Constrained by a lack of liquidity due to scant exits, limited partners are increasingly choosing to sit on the sidelines. An informal survey of LPs by VCJ found that three have no plans to make commitments this year, and another three are taking a wait-and-see approach.
The Michigan Department of Treasury is unlikely to commit to private equity this year as it’s already at the top of its allocation range for the asset class. Similar to other plan sponsors, improving liquidity is the top priority of the LP, which invests in venture capital, leveraged buyouts, mezzanine debt and special situations funds, both domestic and international.
“There may be an exception [to not committing this year], but right now liquidity trumps opportunity,” says administrator Peter Woodford.
Michigan’s target allocation to private equity is 16% of its $44 billion of total assets, with a range of 10% to 17 percent. As of Dec. 31, the actual allocation stood at 19 percent.
Also unlikely to commit to private equity in 2009 is the $1.8 billion Cincinnati Retirement System, with 5% committed to private equity and 17% committed to other alternatives.
The LP “must focus on liquidity issues for 2009,” says John Boudinot, executive director. He adds that no allocations are expected to be forthcoming.

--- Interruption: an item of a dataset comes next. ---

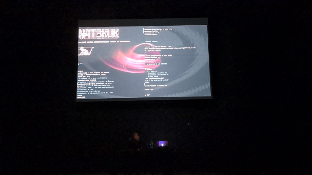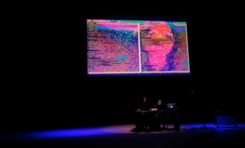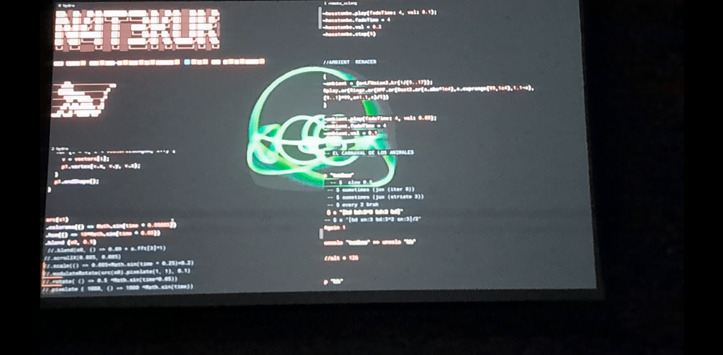 Con 4L3PH estuvimos participando, recientemente, en la segunda versión de LUMA, festival de imágenes experimentales en movimiento, de la Carrera y Departamento de Artes Visuales de la Universidad Javeriana de Bogotá. Compartimos algunas imágenes y video de la performance de nuestro hacker ciberchamánico, Nelson Vera (M0H4N): «Natekuk: un mito ciber-carnavalesco para el Novaceno» (obra de lo que denominamos «Alg-Live Cinema (Live Cinema + Live Coding)), docente de la carrera; y, por demás, nos emociona compartir apartes de la performance de Live Coding, “Ana Karenina”, llevada a cabo por estudiantes de su curso “Intermedia Redes”, quienes estuvieron simplemente alucinantes, atrapándonos con extraordinarias imágenes y sonidos en vivo.

The $692 million Ohio Highway Patrol Retirement System is in similar straits. It’s unlikely to make any pledges to private equity in 2009, according to Dick Curtis, executive director, who notes that the pension fund is currently above its 10% target allocation, but still within its range of 5% to 15 percent.
There may be an exception [to not committing this year], but right now liquidity trumps opportunity.
Other LPs simply don’t know when or how much they might be committing this year.
For example, the $40 billion Virginia Retirement System continues to evaluate investment opportunities, but cannot predict commitment amounts or strategies for the future, says Jeanne Chenault, spokesperson. As of April 7, the state pension fund had about 9.6% of its portfolio in private equity. Its limit is 10 percent.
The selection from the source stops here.